Oxidative stress (OS)
OS is a common signaling pathway system among four NFPA subtypes. The biological significance of oxidative stress in pituitary adenomas has been described in detail [23]. Many studies indicated the presence of nitric oxide synthase (NOS) in the human and rat pituitaries [39-43], and the increased NOS activities and its increased mRNA have been found in pituitary adenomas relative to controls [43,44]. Nitric oxide (NO) is involved in the hypothalamic-pituitary-adrenocortical axis [45]. NO activates release of luteinizing hormone-releasing hormone (LHRH) and follicle-stimulating hormone-releasing hormone (FSHRH) from the hypothalamus, and of LH and FSH from the pituitary [46-48], stimulates or inhibits the secretion of PRL [49], regulates growth hormone (GH) secretion in the normal human pituitary and in acromegaly [50,51], and modulates GH secretion in a dose-dependent manner in GH adenomatous cells from human pituitary adenomas [52]. Our pathway analysis of DEPs clearly revealed a statistically significant NRF2-mediated oxidative stress response canonical pathway common to each NFPA subtype.
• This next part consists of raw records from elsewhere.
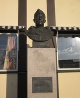 - Byste på Arnulf Øverlands grav, Vår Frelsers gravlund, utført 1970.Foto: Stig Rune Pedersen (2012).
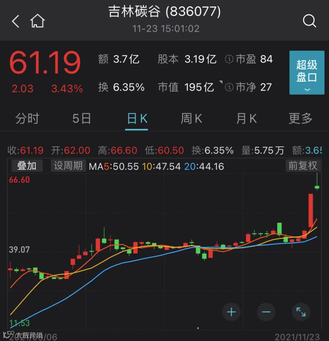 今日,北交所个股吉林碳谷上涨3.43%,盘中涨超12%,该股昨日上涨28.14%。
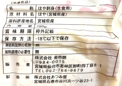 刺身 お刺身ほや [冷凍] 販売価格 980円(税込み) 会員価格 (税込み) 通常価格 (税込み) 在庫 商品コード 5941 JANコード 数量 - + カートに入れる お気に入りリストへ追加する カテゴリー 刺身 季節のイチオシ 店長のおすすめ 冷凍便 殻をむいたまんまのホヤ。ほや漁師が水揚げ3時間以内に処理加工し、活きたまま急速冷凍。生の美味しさ・食感そのままの、活ほやです。 ↑解凍後はお好みに切ってお召し上がりください。 津軽弘前市場 ハマダ海産 会社概要 実店舗紹介 ▼Facebook 津軽弘前市場 ハマダ海産 2025年10月 日 月 火 水 木 金 土 1 2 3 4 5 6 7 8 9 10 11 12 13 14 15 16 17 18 19 20 21 22 23 24 25 26 27 28 29 30 31 2025年11月 日 月 火 水 木 金 土 1 2 3 4 5 6 7 8 9 10 11 12 13 14 15 16 17 18 19 20 21 22 23 24 25 26 27 28 29 30 発送休業日(通販部は営業:10-17時) 営業(実店舗8-18時/通販部10-17時) ショッピングガイド 特定商取引法に基づく表記 個人情報保護方針 送料について 会員規約 お問合せ
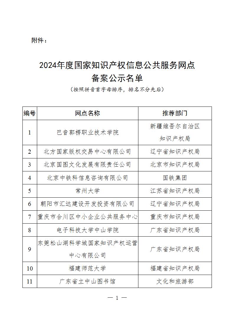 为贯彻落实习近平总书记关于“要形成便民利民的知识产权公共服务体系”的重要指示精神,按照国家知识产权局统一工作安排,根据《国家知识产权信息公共服务网点备案实施办法(修订)》要求,统筹考虑基本条件、地区分布、机构类型、服务效能等因素,国家知识产权局拟备案36家机构为国家知识产权信息公共服务网点。根据备案工作程序,现将2024年度国家知识产权信息公共服务网点备案名单予以公示。
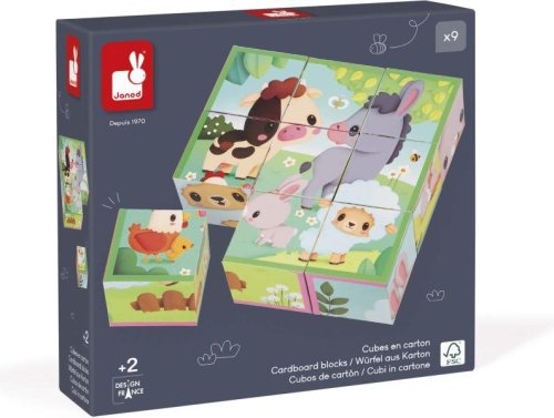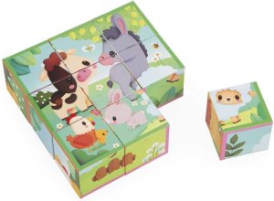 Drevené kocky s obrázkami zvieratiek je zábavné skladanie, počas ktorého vytvoríte 6 obrázkov z 9 kociek.
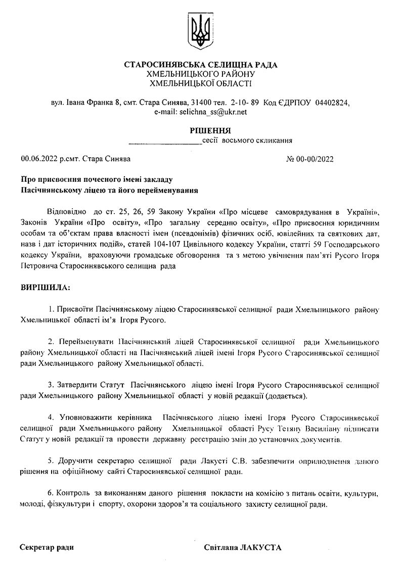 “Колектив Пасічнянського ліцею вважає за доцільне, враховуючи вищезазначені заслуги Ігоря Петровича перед Україною, з метою виховання підростаючого покоління на прикладах наших героїв-земляків присвоїти Пасічнянському ліцею ім’я Ігоря Русого. Наш високий громадянський обов’язок – увічнити світлу пам'ять усіх полеглих за незалежність і територіальну цілісність України, ” - йдеться на сайті Старосинявської селищної ради.
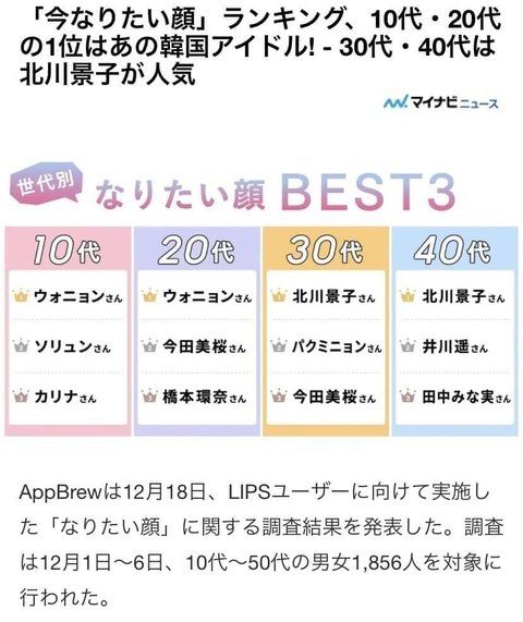일본 여성들사이에 되고싶어하는 여자연예인 설문조사가 실시되었는데

However, some differences in the oxidative stress system were found; for example, oxidative phosphorylation was common to only LH- and FSH-NFPAs (Figure 5C); and production of NO and reactive oxygen species in macrophages was specific to LH-NFPAs (Figure 5C).
Mitochondrial dysfunction
This common pathway system occurs among LH-, FSH-, and LH/FSH-NFPAs, except NF-NFPAs (Figure 5C). The biological significance of mitochondrial dysfunction in human pituitary adenoma was described [23]. Mitochondrial dysfunction was confirmed with a mitochondrial morphological change in a pituitary tumor, including an increased number of mitochondria, ultrastructurally abnormal mitochondria, large mitochondria, mitochondrial swelling, and characteristic vesicular mitochondria. Anti-mitochondrial staining showed intense and granular mitochondria, and electron microscopy showed swollen mitochondria in the cytoplasm with featured lamellar cristae in the spindle-cell oncocytoma of the adenohypophysis. Notable differences in the structure and function of mitochondria appeared between cancer and normal cells, and included differences in mtDNA sequence, molecular composition, and metabolic activity [53,54]. Mitochondria involve multiple metabolic functions that include oxidative phosphorylation - an energy-generating process that couples oxidation of respiratory substances to ATP synthesis, oxidative decarboxylation of pyruvate, the tricarboxylic acid cycle, fatty-acid oxidation, glycolysis, intracellular homeostasis of inorganic ions such as calcium and phosphate, and intracellular apoptosis [54]. This present study revealed mitochondria-related signaling pathways, including serotonin and melatonin biosynthesis, oxidative phosphorylation, energy metabolism, carbohydrate metabolism, and oxidative stress, that function in human pituitary adenoma cells (Figure 5 and Additional file 1: Figure S1C). Mitochondrial DEPs, including NADH-ubiquinone oxidoreductase 23 kDa and ATP synthase beta chain, were identified in NFPAs.
Cell-cycle dysregulation
This dysregulation is a common pathway system among four NFPA subtypes. The biological significance of cell-cycle dysregulation in human pituitary adenomas was described [23] and reviewed [55-58]. The present study clearly demonstrated cell-cycle network (Figure 4B) and cell cycle regulation (Additional file 1: Figure S1F) in NFPAs. DEP data clearly demonstrated that an important cell-cycle regulator, 14-3-3 protein, was down-regulated (NF: lost; LH: lost; FSH: 6.4-fold; and LH/FSH: 15.5-fold) in four NFPA subtypes relative to controls (Table 1). Furthermore, our previous nitroproteomic data demonstrated that a nitrated proteasome could interfere with functions of the ubiquitin-proteasome system in cell-cycle regulation [23]. Also, the present study clearly demonstrated that ubiquitin C (UBC) was the key node among four NFPA subtypes (Figure 4) to suggest that oxidative/nitrative stress might also be involved in cell-cycle dysregulation in human pituitary adenomas.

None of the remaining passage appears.